**Supplied material**
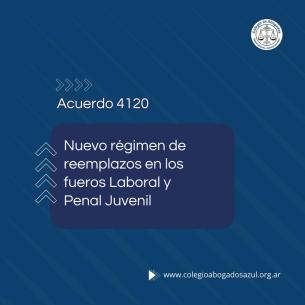 Nuevo régimen de reemplazos en los fueros Laboral y Penal JuvenilA través del Acuerdo Nº 4120 la Suprema Corte de Justicia dispuso actualizar la normativa en materia de reemplazos en los Tribunales de Trabajo y Juzgados de Responsabilidad Penal Juvenil. LEER MÁS |
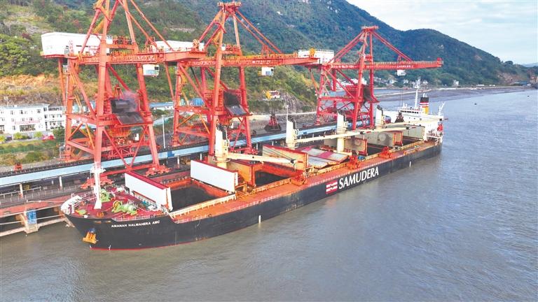 12月5日,载有5.5万吨煤炭的印度尼西亚籍“阿曼娜”货轮稳稳靠泊宁德口岸白马港区大唐码头(如图)。这艘货轮的顺利入境,标志着宁德口岸2025年度出入境(港)船舶查验量正式突破2000艘次,预计全年船舶验放量将超过2100艘次。
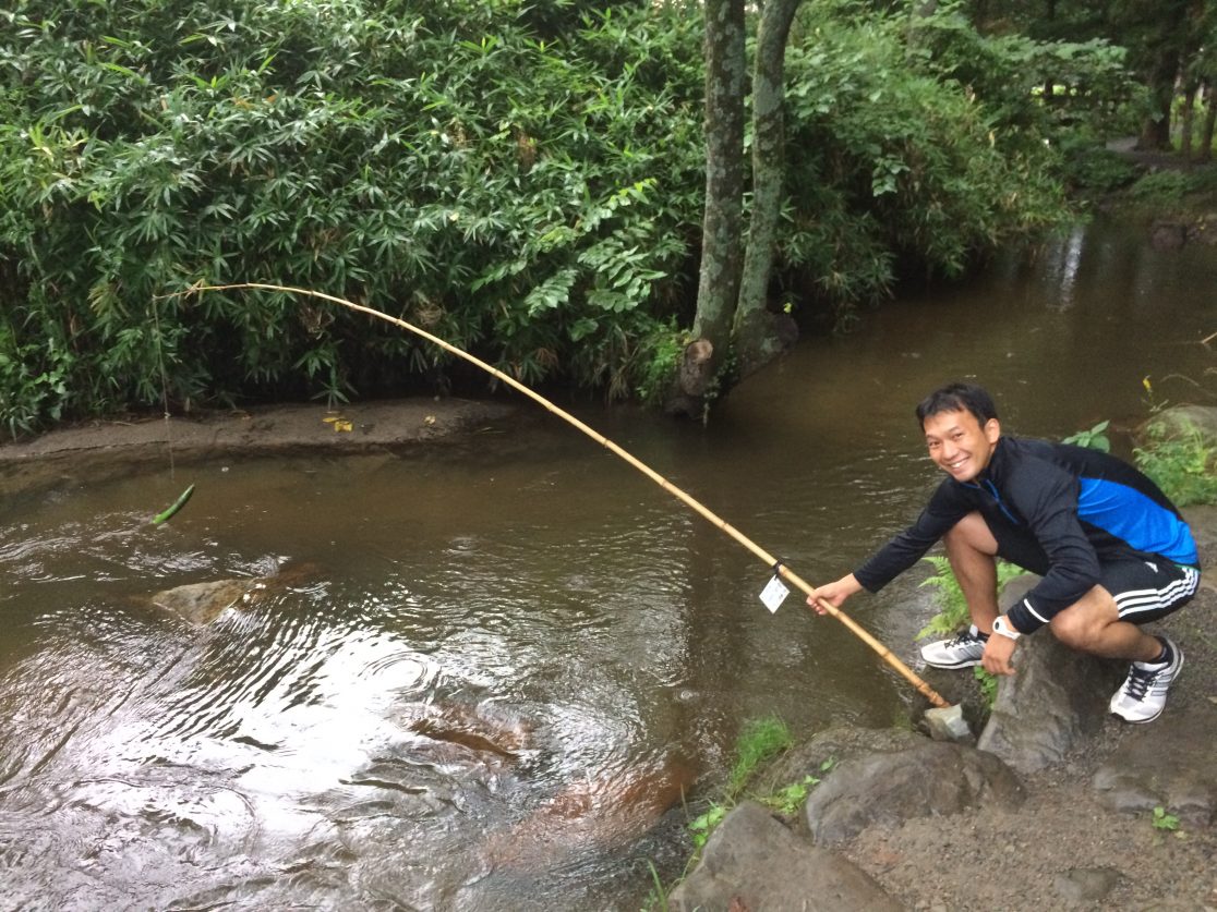 観光名所カッパ淵では釣り竿の先にキュウリを付けて、なんと…カッパ釣り体験ができます。
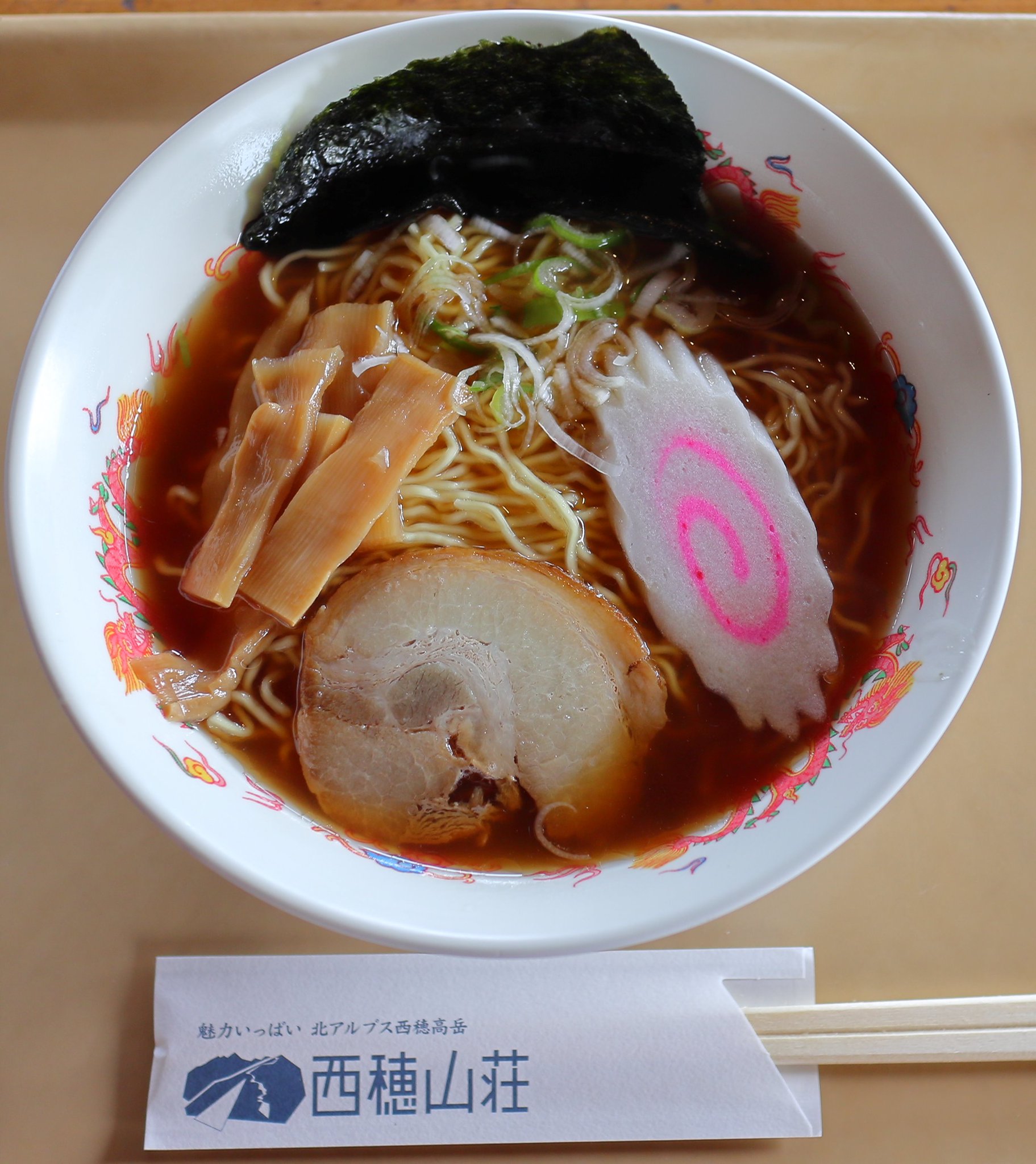 山荘の中は空いていて私は西穂ラーメンを注文しました。味はどうしますか?と聞かれてから初めて複数種類あることを知り、味噌か醤油か悩みましたが西穂ラーメンの醤油味:900円を注文して名前も伝えました。

**What the exercise asks**
Output the listing above exactly, pictures omitted.

**Final answer**
 Nuevo régimen de reemplazos en los fueros Laboral y Penal JuvenilA través del Acuerdo Nº 4120 la Suprema Corte de Justicia dispuso actualizar la normativa en materia de reemplazos en los Tribunales de Trabajo y Juzgados de Responsabilidad Penal Juvenil. LEER MÁS |
 12月5日,载有5.5万吨煤炭的印度尼西亚籍“阿曼娜”货轮稳稳靠泊宁德口岸白马港区大唐码头(如图)。这艘货轮的顺利入境,标志着宁德口岸2025年度出入境(港)船舶查验量正式突破2000艘次,预计全年船舶验放量将超过2100艘次。
 観光名所カッパ淵では釣り竿の先にキュウリを付けて、なんと…カッパ釣り体験ができます。
 山荘の中は空いていて私は西穂ラーメンを注文しました。味はどうしますか?と聞かれてから初めて複数種類あることを知り、味噌か醤油か悩みましたが西穂ラーメンの醤油味:900円を注文して名前も伝えました。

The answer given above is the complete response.